Joseph et la vitre
Comme chaque jour, Joseph était là. Fidèle au poste, agenouillé devant la vitre.
Il est entré en trombe dans la pièce, claquant la porte contre le mur. Depuis le seuil, il a balayé du regard la salle, vérifiant que chaque objet était à sa place : les murs blancs avec ses étagères aux piles impeccables, les chaises, les tables où s’amoncelaient tas et panières, les appareils en surchauffe… jusqu’à fixer la vitre. Hypnotisé, il s’est approché à petits pas pour venir coller son nez au carreau épais. Plissant les yeux, louchant, tant il était proche pour scruter à travers la surface transparente. Il a fini par reculer un peu et ses yeux se sont écarquillés.
Lui, c’était bien lui sur la vitre !
Il a décalé sa tête dans différentes directions, testant la distance où son reflet disparaissait. Apparaissait. Disparaissait. Apparaissait. Disparaissait. Apparaissait.

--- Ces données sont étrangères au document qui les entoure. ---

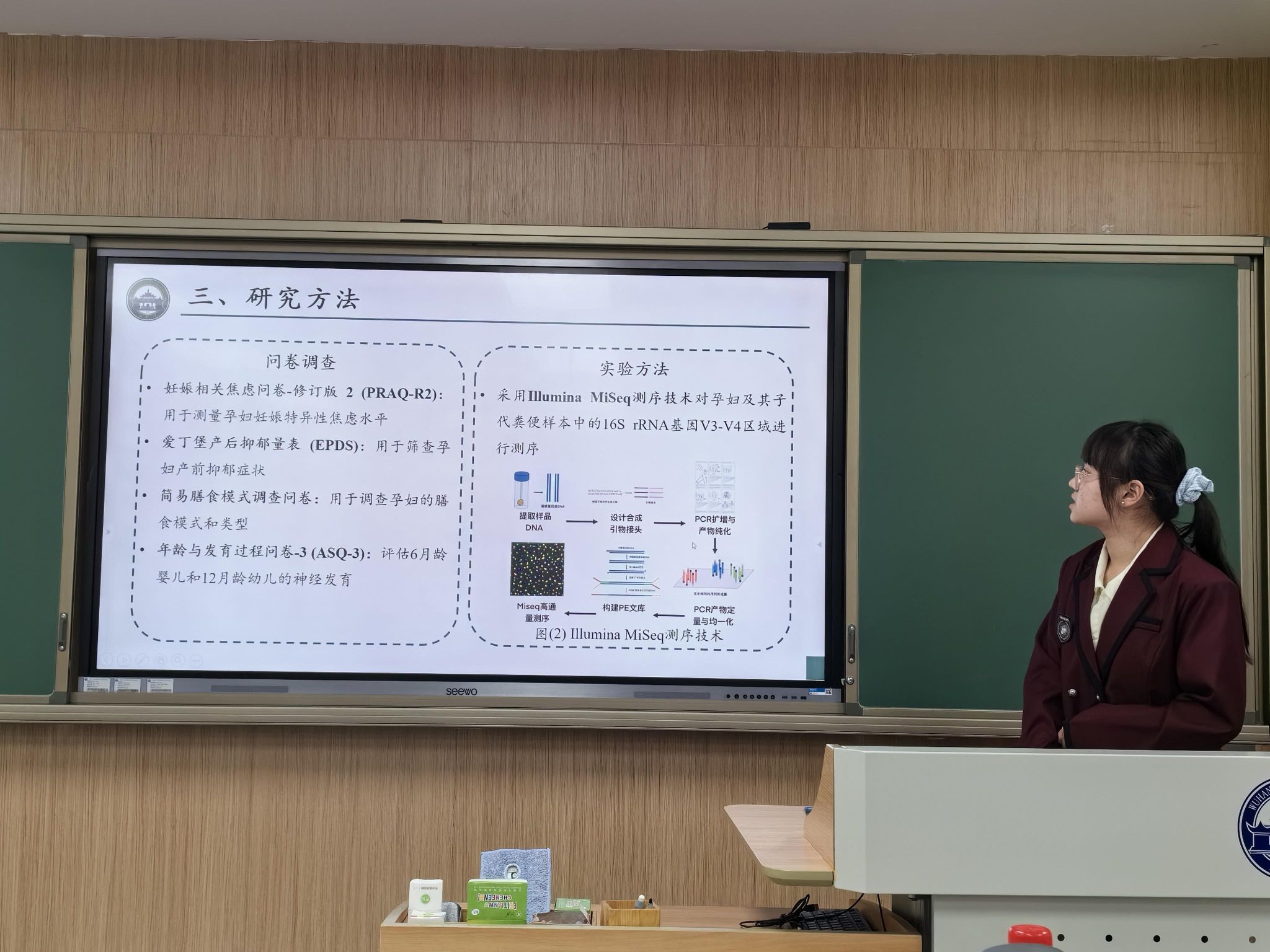 为了保障此次答辩的高效运行,各项目组提前进行答辩顺序抽签、答辩PPT的挎贝,中期检查报告交给评委审阅,让评委们充分了解项目内容,更好地提出问题与建议。答辩现场,各项目答辩人从本组项目的研究背景、目的、意义、内容、创新点与阶段性成果等各方面进行分析阐述,随后三位评委老师针对项目的科学性、可行性、创新点、实践结果、项目价值等角度,进行了提问与沟通,并对项目后续发展提出了宝贵意见,强调一定要抓住项目关键点、掌握准确参数、脚踏实地研究。评审专家充分肯定了各项目组答辩人展现的积极进取的精神风貌、求知若渴的谦虚态度,赞扬了项目取得的创新性、阶段性成果,尤其对运用人工智能技术、大数据等交叉学科的新型技术手段表示充分的肯定与鼓励。
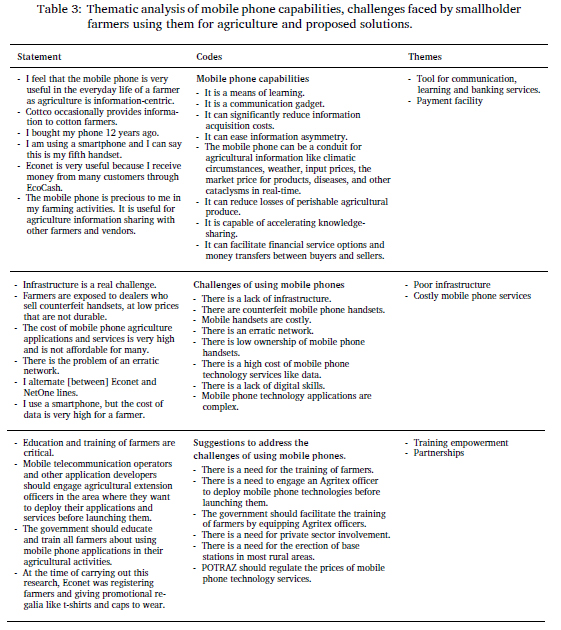 The transcription and coding process of the FGD and interview data resulted in coded data grouped according to the collective factors unveiled among FGD participants and interview participants. The data analysis approach, rooted in a bottom-up or abductive methodology, aimed to capture the nuanced perspectives of smallholder farmers regarding their adoption and use of mobile technologies in agricultural activities. The researchers followed the process for thematic analysis outlined by Braun and Clarke (2006). This involved familiarisation with the data corpus, categorisation and generation of initial codes, pattern identification, and critical theme evaluation and refinement. The researchers finally developed a thematic table to categorise and illustrate the relationships between themes and their associated codes, clearly representing the findings.

Il a alors approché sa main du verre, pour la retirer aussitôt, toujours surpris par ce premier contact. A la fois sur ses gardes mais de plus en plus excité, il a renouvelé l’expérience, plaquant une main puis l’autre. Le reflet a disparu de sa vue, de son intérêt et de ses pensées. Il s’est laissé envahir par les sensations : les vibrations, le bruit, la chaleur et le mouvement. Il a décalé ses mains afin d'observer l’eau qui dégoulinait de l’autre côté de la paroi, le tourbillon blanc créé par la force centrifuge et, au coeur du maelstrom, le trou noir. Fasciné, il s’est laissé absorber.
— Joseph… Joseph ? Tu sais que tu n’as pas le droit d’être tout seul dans la lingerie. Ton éducatrice te cherche. Il faut que tu y ailles maintenant.
Joseph s’est laissé emmener. Sa petite main tirée vers la sortie, la tête dévissée pour pouvoir regarder le plus longtemps possible le hublot… " 1600 tours minute. 1600 tours minute.1600 tours minute" a répété Joseph, longtemps encore après que la porte se soit refermée.